Accurate Markerless Jaw Tracking for Facial Performance Capture
We present the first method to accurately track the invisible jaw based solely on the visible skin surface, without the need for any markers or augmentation of the actor.
July 12, 2019
ACM Siggraph 2019
Authors
Gaspard Zoss (Disney Research/ETH Joint PhD)
Thabo Beeler (Disney Research)
Markus Gross (Disney Research/ETH Zurich)

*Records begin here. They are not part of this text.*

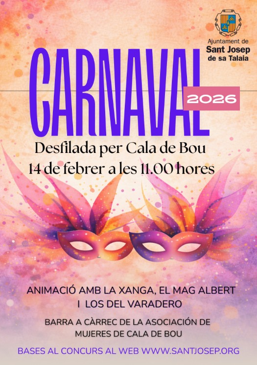 El sábado 14 de Febrero de 2026 desfile de Carnaval por Cala de Bou, que este año será por donde desfile la rua del Ayuntamiento de Sant Josep a las 11h
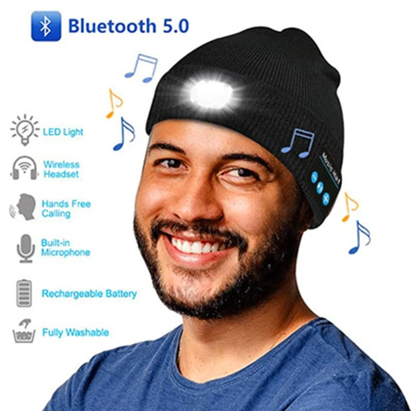 Зимняя шапка, женская вязаная шапка с bluetooth и светодиодной подсветкой, уличная спортивная шапка, Мужская теплая шапка для скалолазания и кемпинга
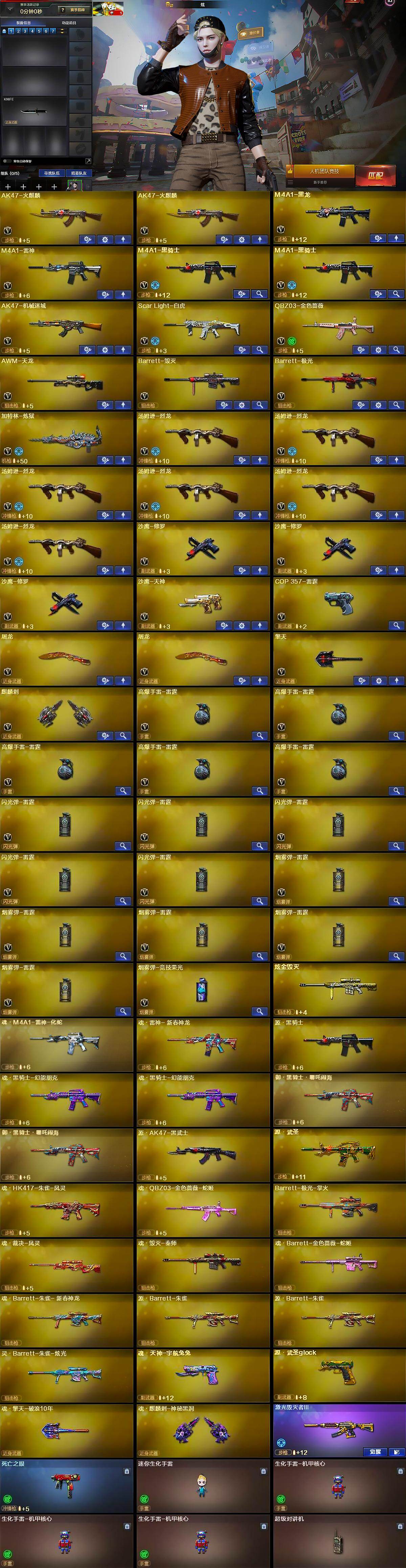 - [16165611]河南一区-6V-0王者-0炫金 【传说角色】:传说星骇 【音效卡】:AWM-裁决音效卡 【角色】:风暴女,蛇姬,雪莉杨-摸金校尉 【挑战大师】:冰龙粉碎者-白马银枪 【英雄级武器】:AK47-火麒麟,黑骑士-海王,AWM-裁决,AA-12-雷霆 【道具】:BS战队炫彩背包,云山科技背包,超级背包,女皇终结者-魔龙之吻,救世主-黑桃战神,绿色巨人,灵魂忍者,迷雾幽灵,夺命之镰,防化服*3,流光-再燃火线,防弹头盔*3,防弹衣*3,C4工具钳*3,手雷包*3 【特殊枪械】:
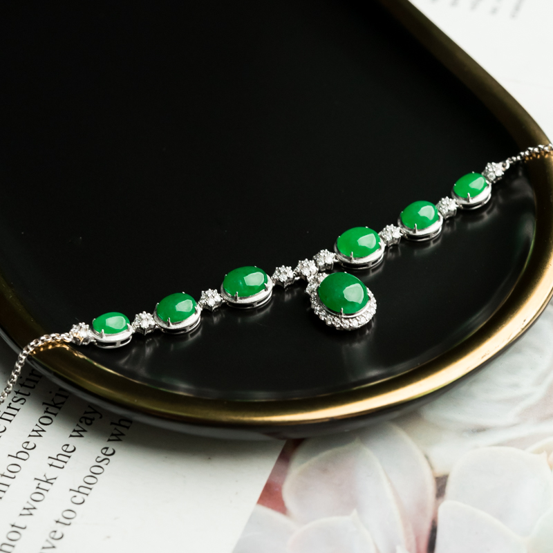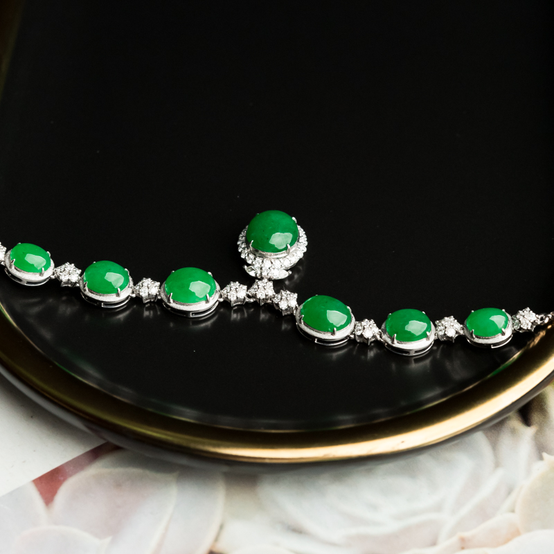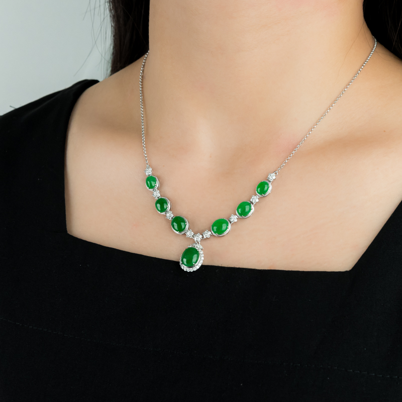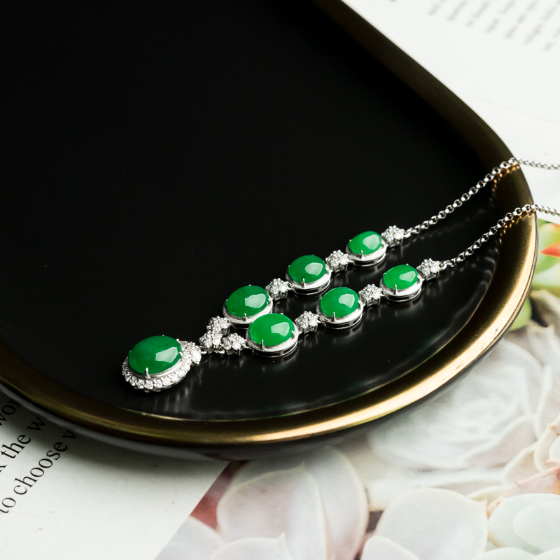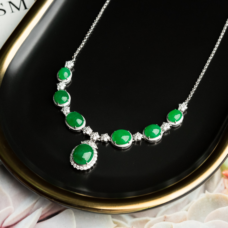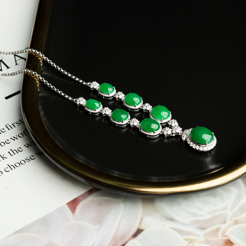 • [名  称] 18K糯冰种阳绿翡翠项链
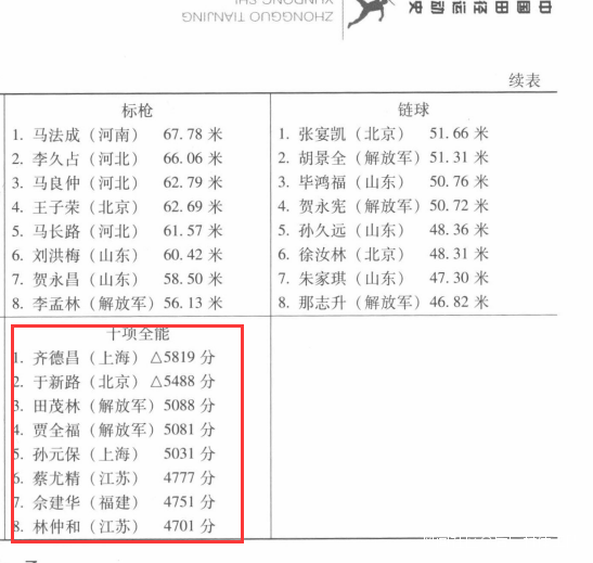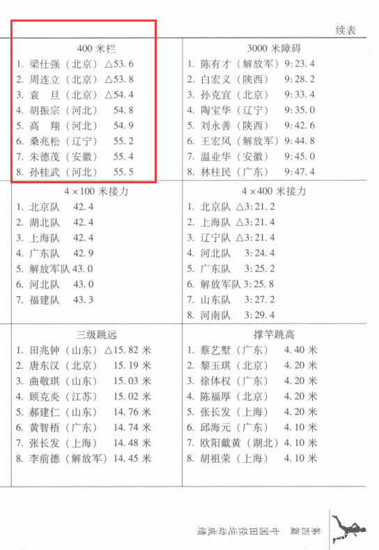 在好奇心的驅使下,我們在《中國田徑運動史》這本書裏找到了首屆全運會田徑項目的成績,根據這本書的紀錄,第一屆全運會400米欄的冠軍的確並不是鍾南山,而是中國初代欄王梁仕強,當時他以53.6秒的成績奪冠,而鍾南山甚至沒有出現在前八名裏。此外,十項全能的冠軍獲得者是來自上海的齊德昌,在成績表中同樣沒有鍾南山的名字。
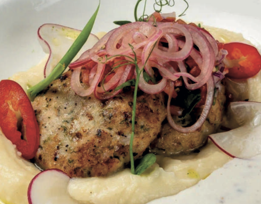 С хрустящей корочкой и картофельным пюре и подала с томатной сальсой и своим секретным сливочным соусом.
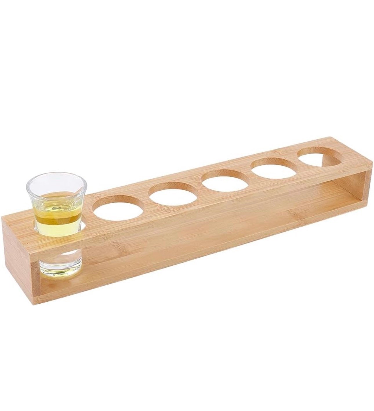 - Wooden Shot Holder: This 6 shot glass tray is made of natural wood, and is of excellent workmanship, its surface is smooth without any burrs, and it is sturdy and durable, unlikely to be damaged, can be used for a long time
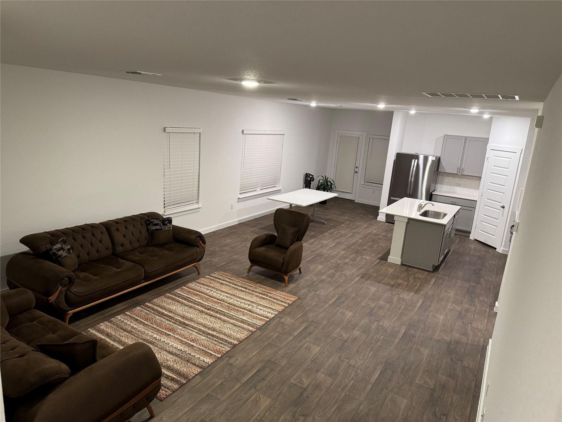 Ideally located just minutes from grocery stores and shopping, this stunning two-story home offers 2,320 square feet of thoughtfully designed living space, featuring 4 bedrooms, 3 full bathrooms, and a spacious game room.Step inside to a welcoming foyer that leads past the staircase and laundry room (washer/Dryer included) into a bright, open-concept family room?perfect for gathering and entertaining. The family room flows seamlessly into the dining area and a beautifully appointed kitchen, complete with a large center island, walk-in pantry, decorative tile backsplash, and sleek stainless steel electric appliances.Tucked behind the main living area, youll find two secondary bedrooms along with a full bath, providing comfort and privacy. The primary suite is ideally situated off the dining area, offering a peaceful retreat with a spacious en-suite bathroom and a generous walk-in closet.Upstairs, enjoy a large game room thats perfect for movie nights, play space, or hosting guests. A fourth bedroom and full bathroom are privately located just off the game room, making it an ideal setup for visitors or a home office.Step outside to relax under the covered patio, and enjoy the convenience of full sod and an irrigation system?making outdoor living easy and enjoyable.
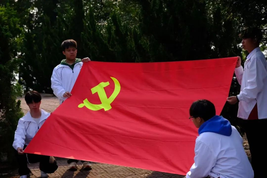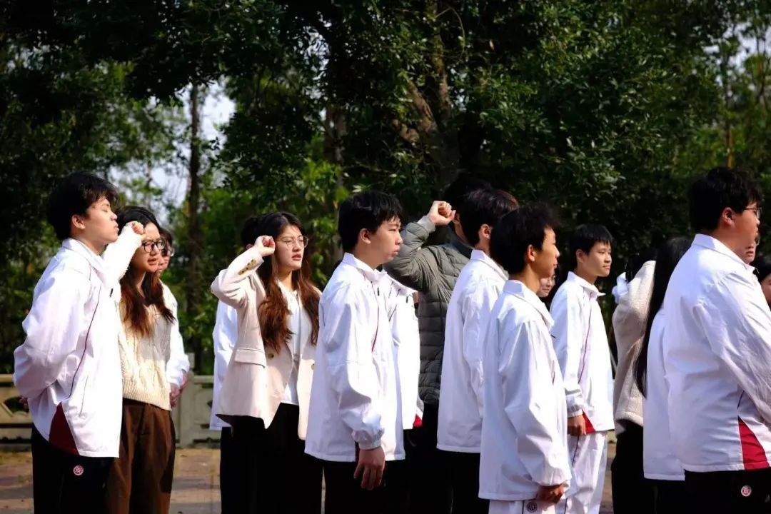 上午7点40分,全体党员及入党积极分子在学校统一集合,学生干部清点好人数并强调好纪律要求后,统一乘车前往崖门镇凤山烈士陵园。在苍松翠柏环绕的纪念碑广场,活动在雄壮的《国际歌》声中拉开帷幕。全体人员整齐列队,面向党旗肃立,用激昂的歌声唱响革命赞歌。
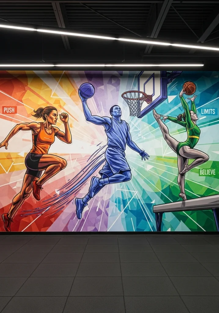 Inspirational athlete murals bring movement, energy, and motivation to a gym environment. Depicting athletes in dynamic poses—running, lifting, or stretching—these murals visually convey strength, determination, and endurance. They serve as constant reminders of discipline and athletic achievement, inspiring users to push their limits.
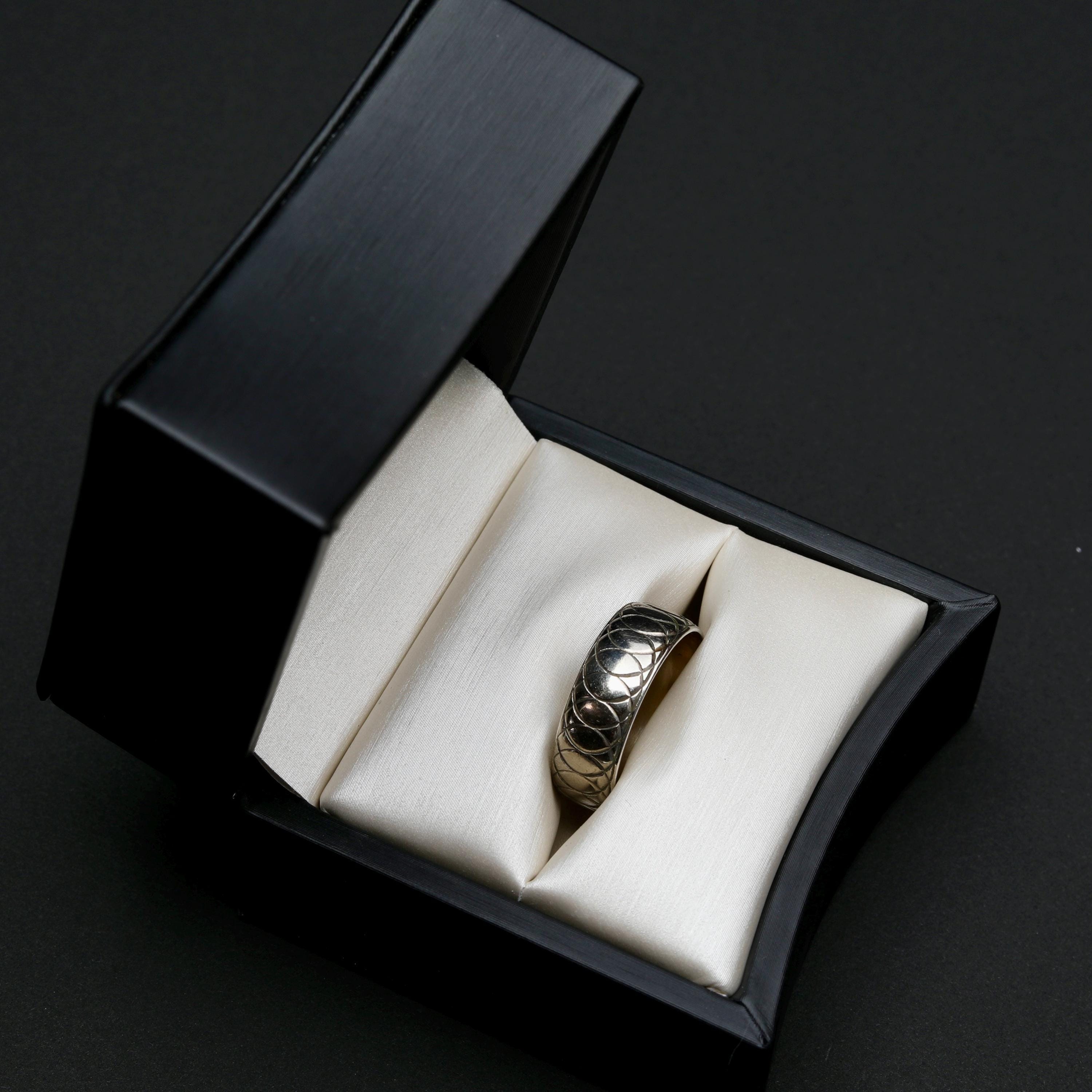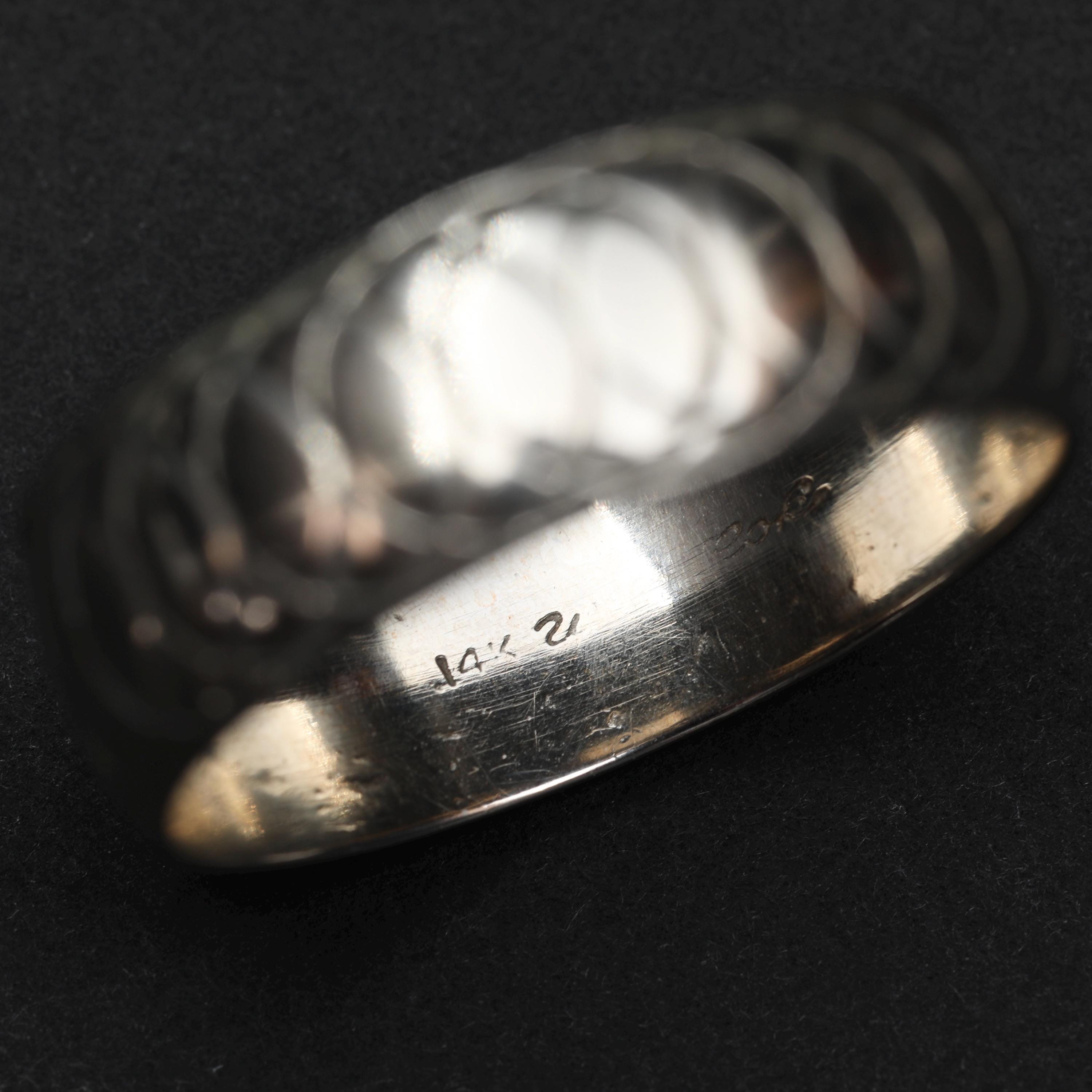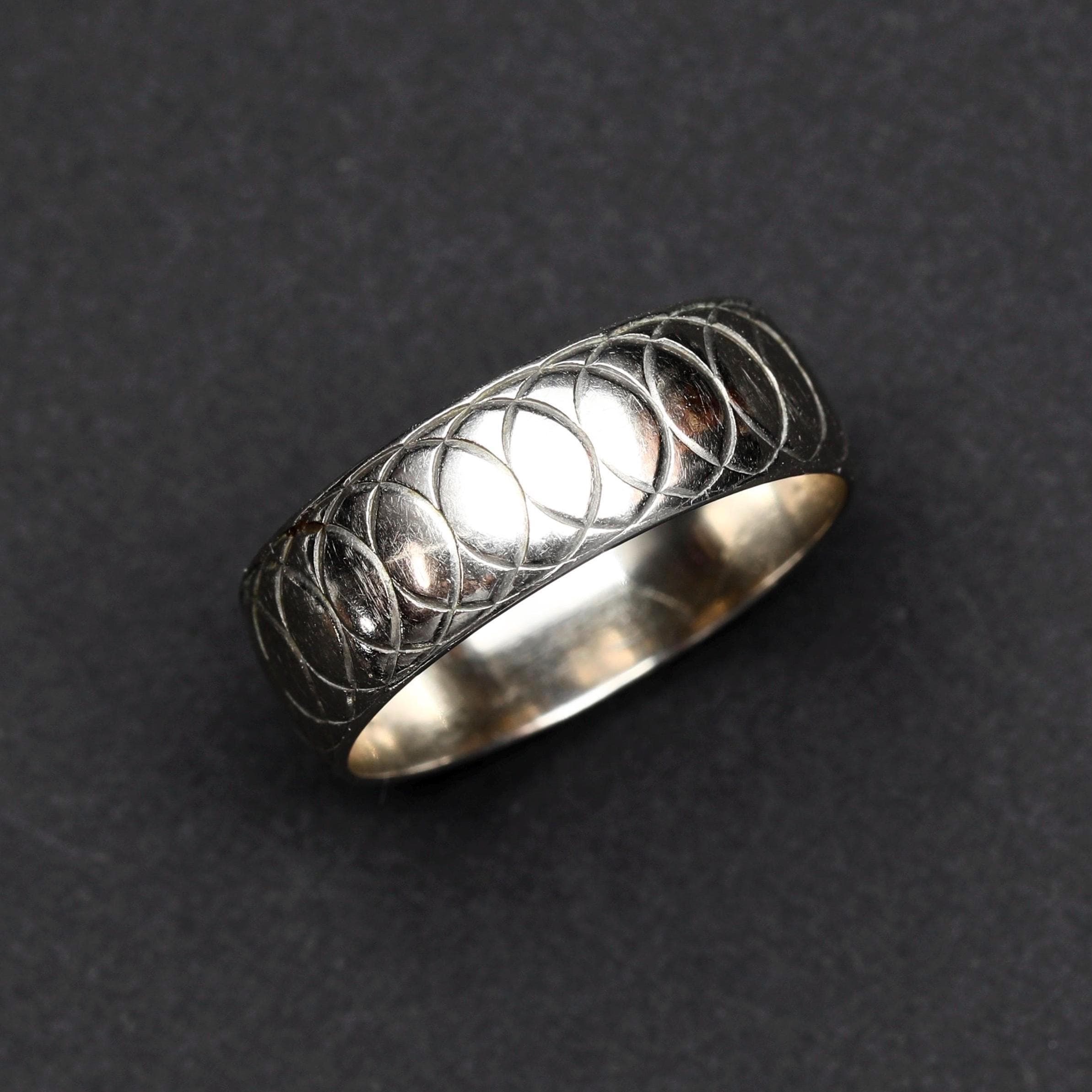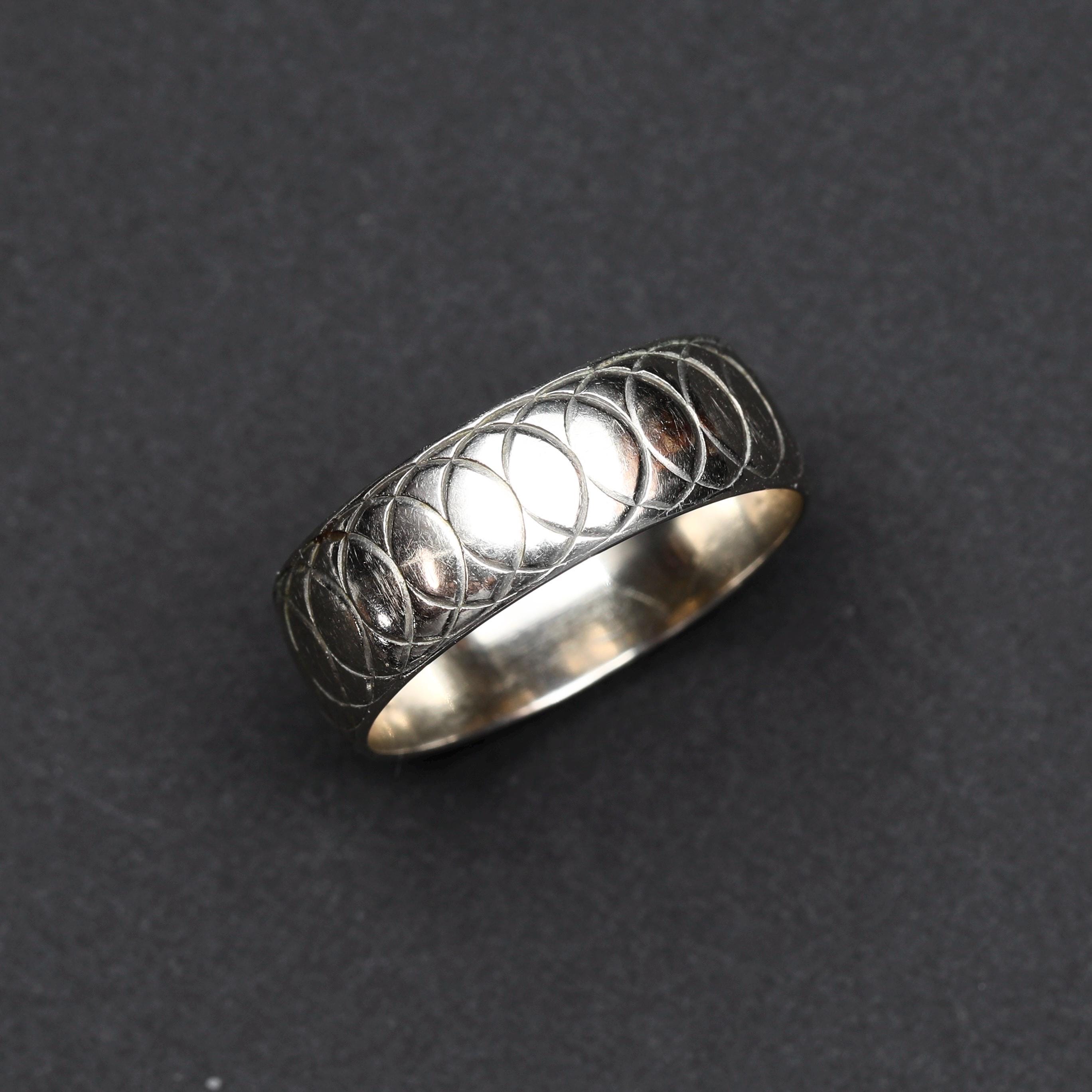 The exterior is defined by crisp engraved geometry, while the interior is smoothly finished for comfortable daily wear. Made in solid 14k gold and built for longevity, this is a timeless vintage band.

Derek Bradley (Disney Research)
Accurate Markerless Jaw Tracking for Facial Performance Capture
We present the first method to accurately track the invisible jaw based solely on the visible skin surface, without the need for any markers or augmentation of the actor. As such the method can readily be integrated with off-the-shelf facial performance capture systems. The core idea is to learn a non-linear mapping from the skin deformation to the underlying jaw motion on a dataset where ground-truth jaw poses have been acquired, and then to retarget the mapping to new subjects. Solving for the jaw pose plays a central role in visual effects pipelines, since accurate jaw motion is required when retargeting to fantasy characters and for physical simulation. Currently, this task is performed mostly manually to achieve the desired level of accuracy, and the presented method has the potential to fully automate this labour intense and error prone process.